Using Built-In Variables
awk '{print NR "-" $2 }' flowers.txt
This command will print the current record number (file line number) followed by the second field – the name of the flower:
1-red rose 2-yellow daffodil 3-pink flamingo 4-white rose 5-blue iris 6-white lily 7-red peony 8-yellow orchid 9-purple foxglove
Combining Actions
Conditions and actions can be combined using && This command will print all records where the first field contains the text red and the second field has less than 5 characters:
awk '$1 ~ /red/ && length($NF) < 5 { print }' flowers.txt
Note:
- The use of $NF to get to the second field as an alternative to using $2 – possible as it’s the last field and thus equal to the NF (Number of Fields)

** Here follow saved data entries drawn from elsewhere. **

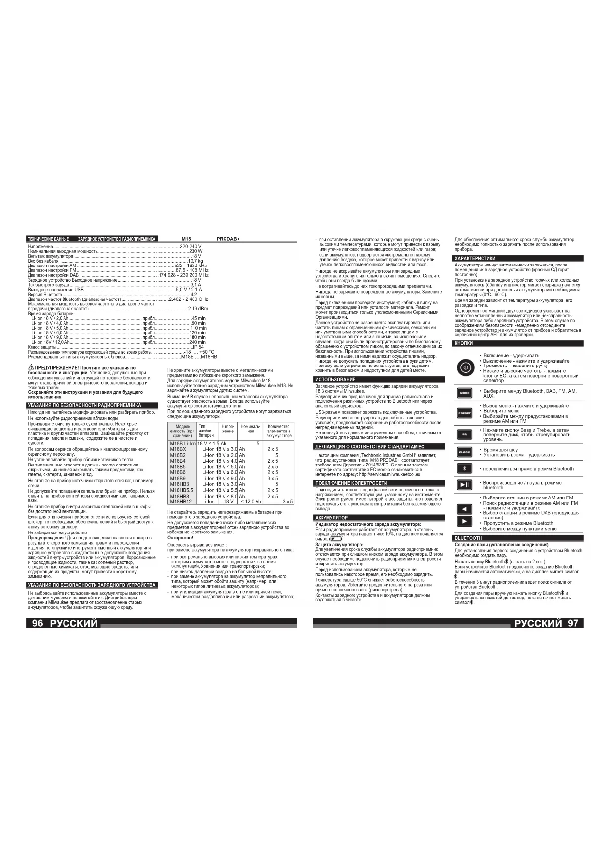 Перед включением проверьте инструмент, кабель и вилку на предмет повреждений или усталости материала. Ремонт может производиться только уполномоченными Сервисными Организациями. Данное устройство не разрешается эксплуатировать или чистить лицам с ограниченными физическими, сенсорными или умственными способностями, а также лицам с недостаточным опытом или знаниями, за исключением случаев, когда они были проинструктированы по безопасному обращению с устройством лицом, по закону отвечающим за их безопасность. При использовании устройства лицами, названными выше, за ними надлежит осуществлять надзор. Никогда не допускать попадания устройства в руки детям. Поэтому если устройство не используется, его надлежит хранить в безопасном и недоступном для детей месте. ИСПОЛЬЗОВАНИЕ Зарядное устройство имеет функцию зарядки аккумуляторов 18 В системы Milwaukee. Радиоприемник предназначен для приема радиосигнала и подключения различных устройств по Bluetooth или через аналоговый аудиовход. USB-разъем позволяет заряжать подключенные устройства. Радиоприемник сконструирован для работы в жестких условиях, предполагает сохранение работоспособности после непреднамеренных падений. Не пользуйтесь данным инструментом способом, отличным от указанного для нормального применения. ДЕКЛАРАЦИЯ О СООТВЕТСТВИИ СТАНДАРТАМ EC Настоящим компания „Techtronic Industries GmbH“ заявляет, что радиоустановка типа M18 PRCDAB+ соответствует требованиям Директивы 2014/53/ЕС. С полным текстом сертификата соответствия ЕС можно ознакомиться в интернете по адресу: http://services.milwaukeetool.eu ПОДКЛЮЧЕНИЕ К ЭЛЕКТРОСЕТИ Подсоединять только к однофазной сети переменного тока с напряжением, соответствующим указанному на инструменте. Электроинструмент имеет второй класс защиты, что позволяет подключать его к розеткам электропитания без заземляющего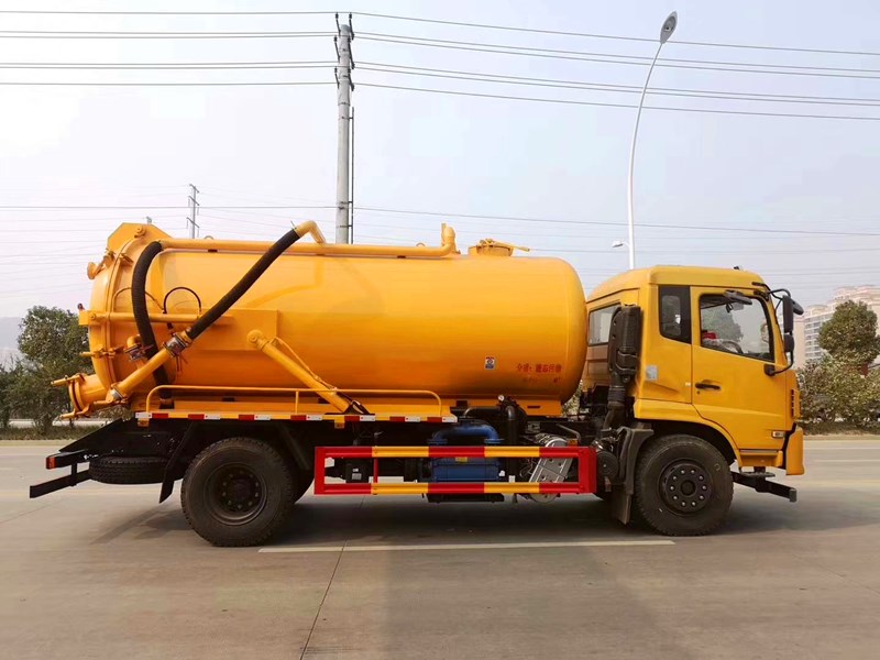 東風多利卡(國5)專用吸污車 主要由取力器、傳動軸、真空吸污泵、壓力罐體、液壓部分,管網(wǎng)系統(tǒng)、真空壓力表、視糞窗、洗手裝置等組成,隨車配置大功率真空吸污泵和優(yōu)質(zhì)液壓系統(tǒng),罐體封頭一次壓鑄成型、罐體可后開、雙頂自卸。罐內(nèi)污物可通過后蓋直接傾倒,具有真空度高(比吸糞車的吸力更大)、噸位大、效率高、用途更廣泛的特點。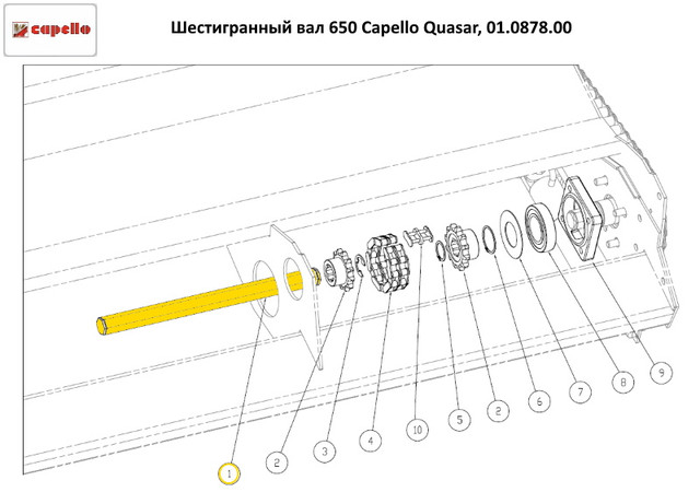 Шестигранный вал l-650 мм кукурузной жатки Capello Quasar, 01.0878.00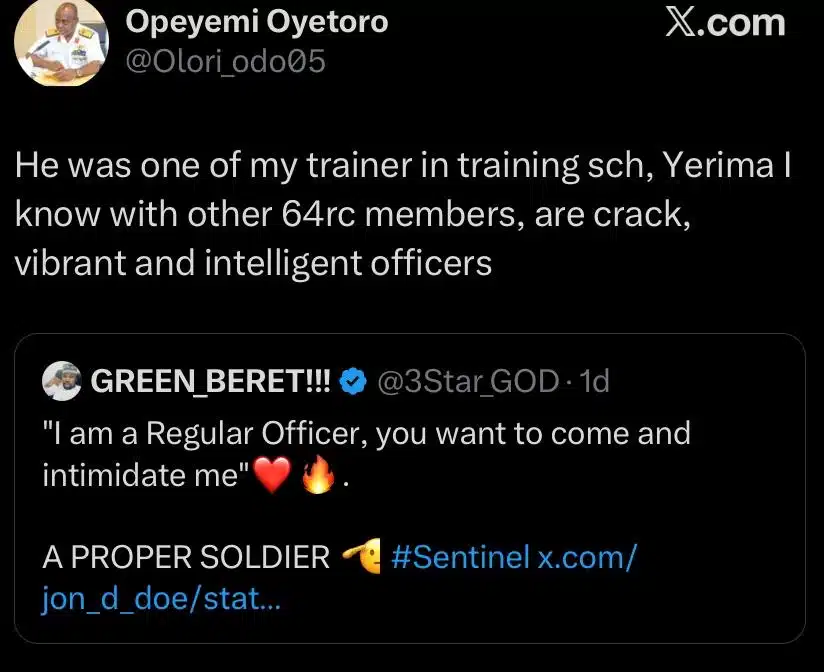 The officer, who goes by @olori_odo05 on X (formerly Twitter), recounted that Yerima served as one of his instructors years ago. He highlighted that Yerima distinguished himself through his discipline, focus, and outstanding leadership abilities.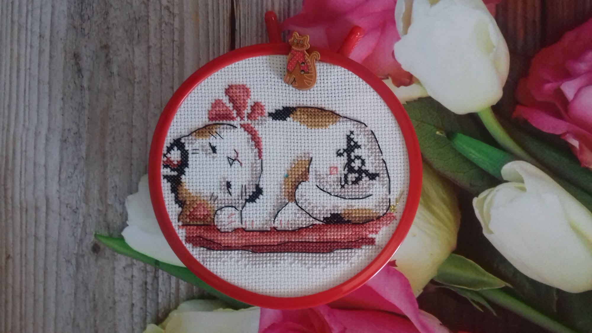 21 августа 2018 А вот и я со своей миниатюрной трехцветной кошечкой! Первое фото - в пяльцах Нурге - не дошита по краям, которые не охватились пяльцами. Второе фото - во время "купания" (наша трехцветная кошка Соня купаться не любит, но вышитой пришлось). Третье фото - готовая-выстиранная-поглаженная работа. Останется только оформить (есть некоторые идеи). Очень нравятся золотистые кисточки по краям подушки. Правда, металлик Гамма - это испытание... На золотой Крейник менять не стала, хоть он у меня и был. Решила вышить исключительно по набору. В общем процесс и результат мне в целом понравились. Тем более,что дизайн этот с прототипом. Сибирская Кошка, Lisa511, Лаки и 10 других сказали спасибо Поделиться сообщением Ссылка на сообщение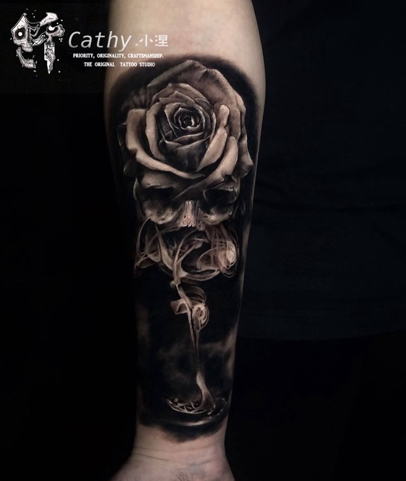 当前位置: 首页 >重庆市纹身店-仟刺青纹身图案>骷髅玫瑰纹身图片_手臂欧美写实暗黑纹身图案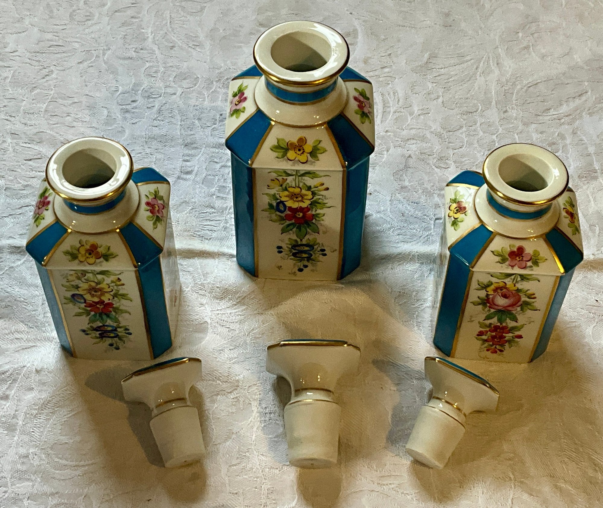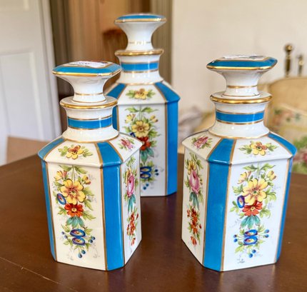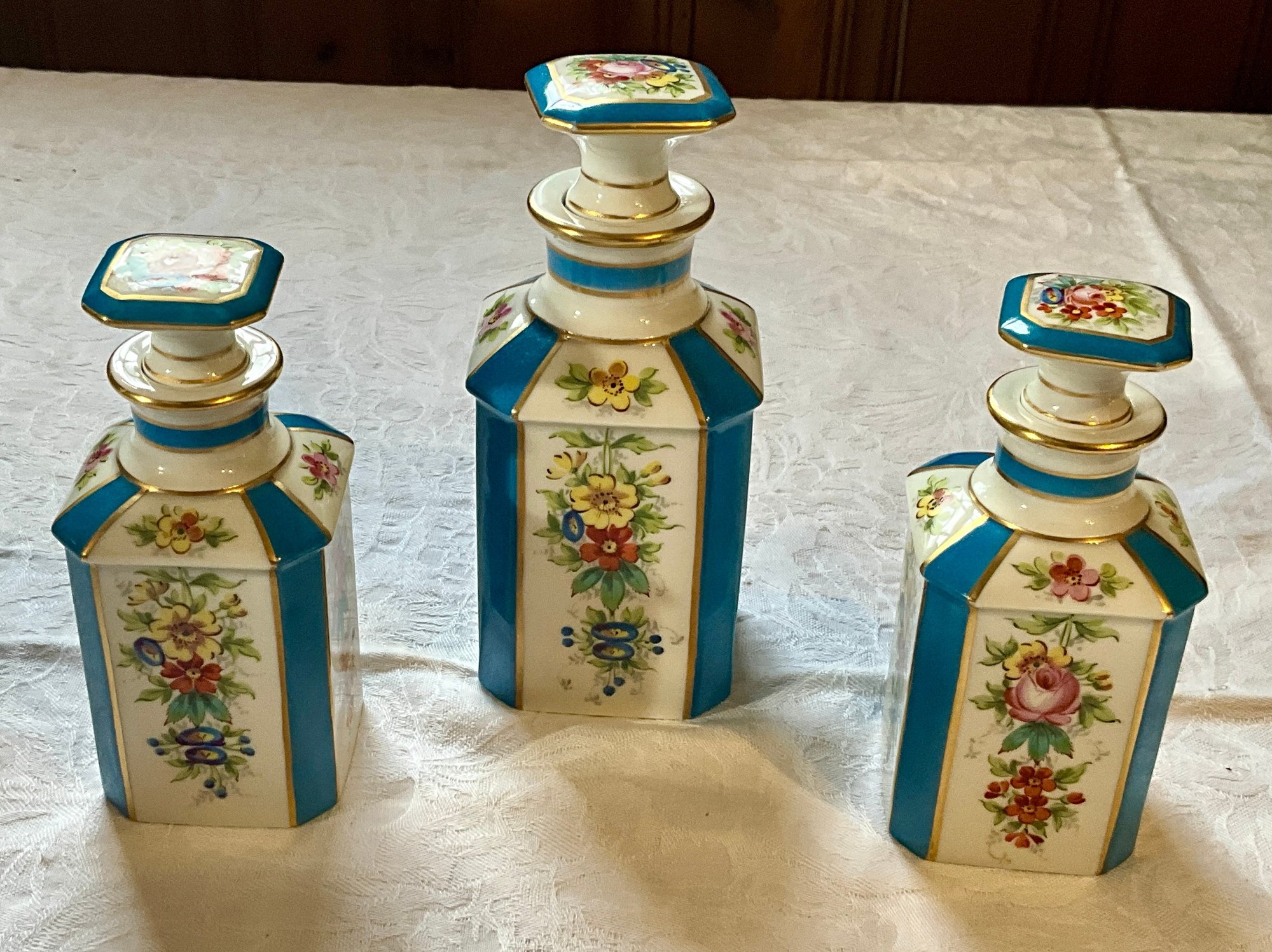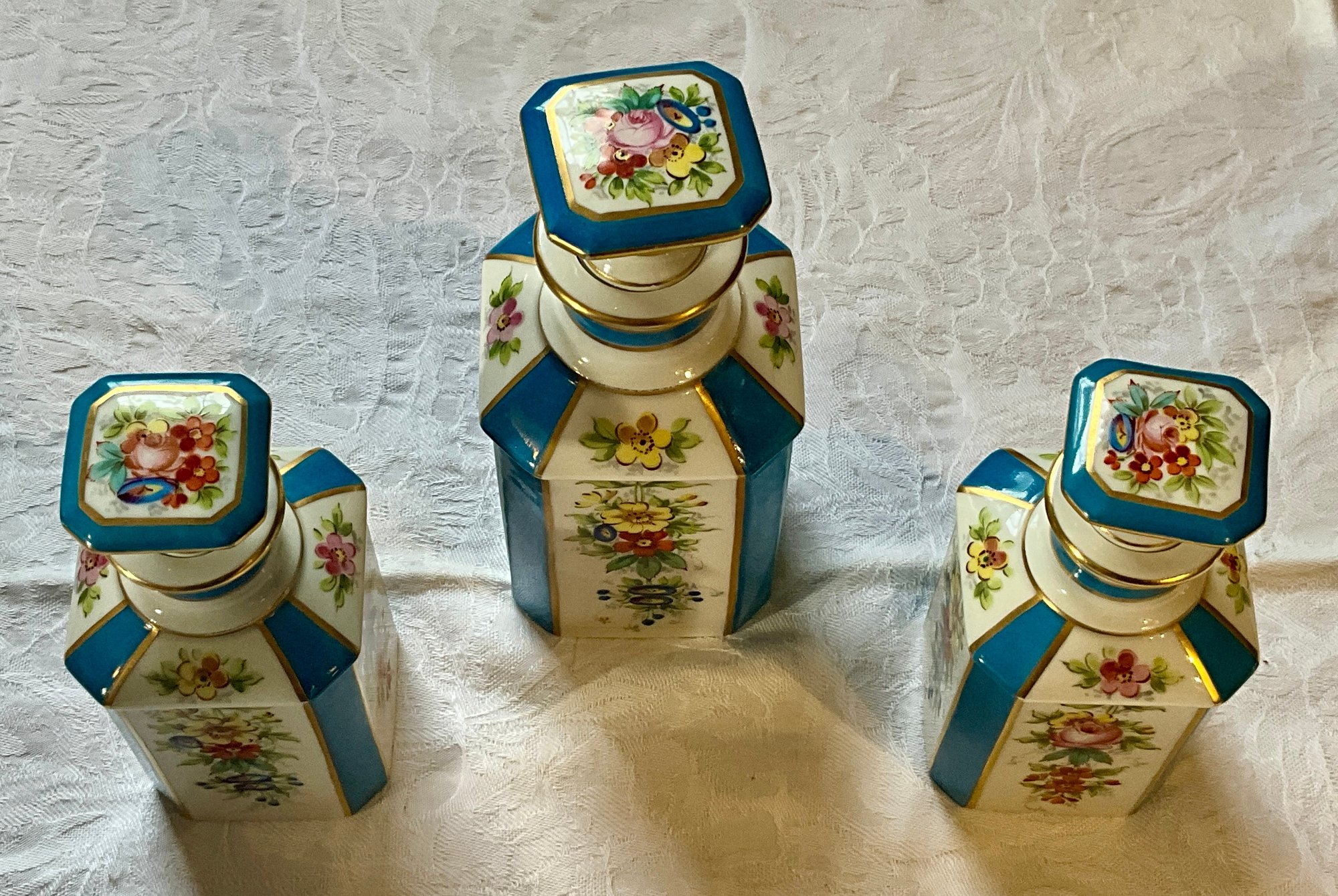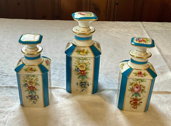 Three vintage Sevres dresser bottles with stoppers, teal blue and white with floral design.

- The length() function is used to calculate the length of the field
So it returns a single matching record from the example file:
red rose
Conclusion
awk is included pretty much universally with Linux for a reason – it’s a staple tool for searching and processing text, which you can use for quickly finding log entries if something goes wrong on your system or for processing captured data for research use.
If you’ve ever tried to do anything more than a simple find/replace on a large collection of text files, you’ll know the value in being able to specifically make replacements or updates to all of your text programmatically, without having to run individual find/replace commands.